Cães de serviço: conheça o trabalho realizado por cachorros em diferentes áreas do cotidiano

Cães de serviço: conheça o trabalho realizado por cachorros em diferentes áreas do cotidiano

Foto: Beto Albert (Diário)

Pets desempenham um papel importante na vida de seus tutores, contribuindo para a realização de tarefas e o bem-estar emocional.

Você provavelmente já ouviu que “o cachorro é o melhor amigo do homem”, certo? Em alguns casos, essa expressão ganha um significado ainda maior. Muito além da amizade, os cães, quando treinados, podem auxiliar os tutores a desenvolver tarefas do dia a dia, além de oferecer suporte em quadros de ansiedade e depressão. Isso mesmo, eles são usados para ajudar não apenas pessoas com deficiência visual. Os cães de serviço, também chamados de cães de trabalho ou de assistência, são responsáveis por garantir a interação social e, consequentemente, elevar a qualidade de vida de pessoas com algum tipo de deficiência ou necessidade específica.

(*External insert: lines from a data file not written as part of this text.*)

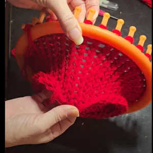 E‑wrap each round the same way you did during the cast‑on: wrap each peg once, then knit off. The doubled strands make the fabric feel plush and warm as it grows downward through the center of the loom.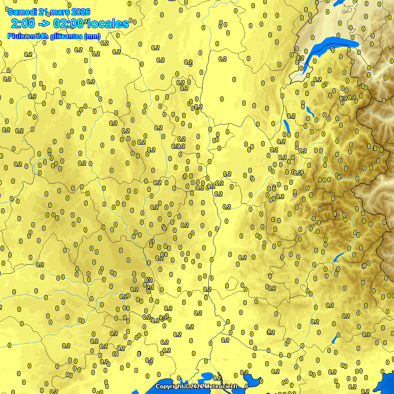 du Centre-Est au Jura, le risque orageux se montrera moins franc mais les précipitations s'annoncent également marquées jusqu'en fin de journée de mardi. C'est notamment de la région lyonnaise au Jura en passant par la Bresse et le nord de l'Isère que les cumuls de précipitations les plus importants sont attendus, pouvant dépasser les 70-90mm voire 100mm sur ces secteurs d'ici demain soir.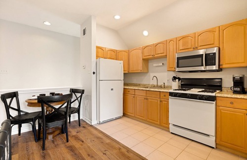 Bedroom 6/Studio (upper level, above the game room) — Two queen beds, Smart TV, kitchenette with refrigerator, electric range, microwave and coffee maker, and a dining table with seating for three. The private bathroom offers a shower.
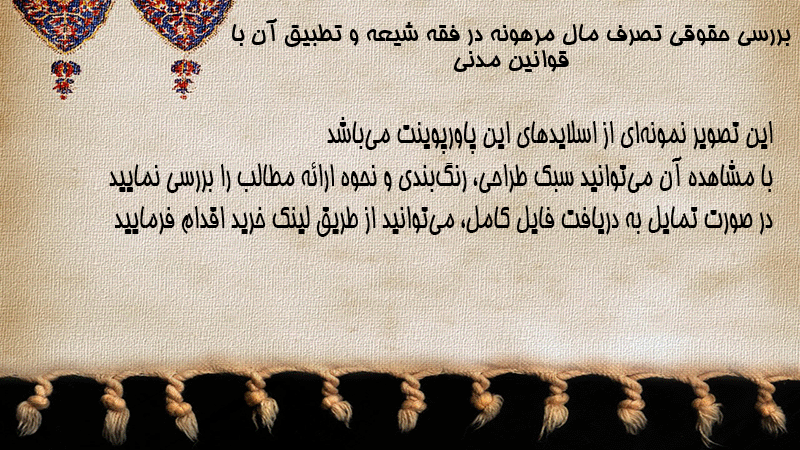 پاورپوینت بررسی حقوقی تصرف مال مرهونه در فقه شیعه و تطبیق آن با قوانین مدنی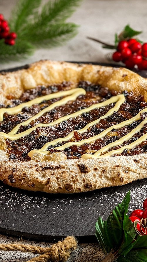 Recipe introduction: Nothing says Christmas in the UK like a mince pie and custard! This recipe is my pizza version of this classic dish and whilst it might sound crazy combining the two, it really does work perfectly! The steps below will guide you through making, stretching and topping the dough as well as how to cook the pizza in a pizza oven.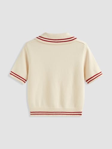 CIDER Short Sleeve Sweater Knit Top Collar Neck Stripe Pullover Casual Elegant Women’s Collared Sweaters 1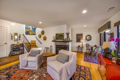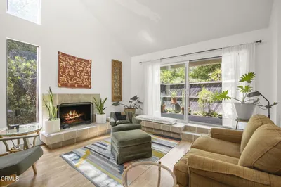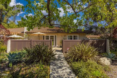 This beautifully appointed 2-bedroom, 2-bath home is tucked into one of Ojai's most beloved communities, the Hitching Post.The heart of the home is the open living and dining area. Vaulted ceilings, wide-plank hardwood floors, and a cozy fireplace offer the kind of warmth and character rarely found in condo living. The floor-to-ceiling built-in shelves are perfect for the avid reader or for displaying a curated collection. Sliding glass doors connect the indoor entertaining space to a private patio and garden.The updated kitchen features maple cabinets and a charming vintage O'Keefe and Merritt gas stove alongside modern stainless steel appliances. The kitchen window looks out to the front patio, with the Topa Topa mountains visible in the distance.The spacious primary bedroom is a true retreat, complete with vaulted beamed ceilings, patio access, and an updated en suite bath appointed with travertine tile, a deep soaking tub, and a separate walk-in shower.Located a short drive from local restaurants, independent shops, and hiking trails whether you head toward downtown Ojai or wander into Meiners Oaks.

+ Entre no canal do Diário no WhatsApp e confira as principais notícias do dia

Protetores, leais e inteligentes, os cães sempre fizeram parte do cotidiano humano de diferentes formas. Segundo a médica veterinária e anestesista do Hospital Veterinário Universitário (HVU), Liandra Cristina Vogel Portella, essa parceria existe há muito tempo e acompanhou as mudanças sociais e necessidades dos seres humanos:

— O cachorro sempre esteve presente na vida do homem. Seja junto da família, para auxiliar na caça ou defesa. Nas pinturas rupestres e registros da história, conseguimos ver o homem acompanhado de um cachorro. Eles também estiveram presentes auxiliando na guerra. Então, ao longo dos anos, o homem soube trabalhar com as habilidades naturais destes animais e transformar isso em benefício para a sociedade — explica.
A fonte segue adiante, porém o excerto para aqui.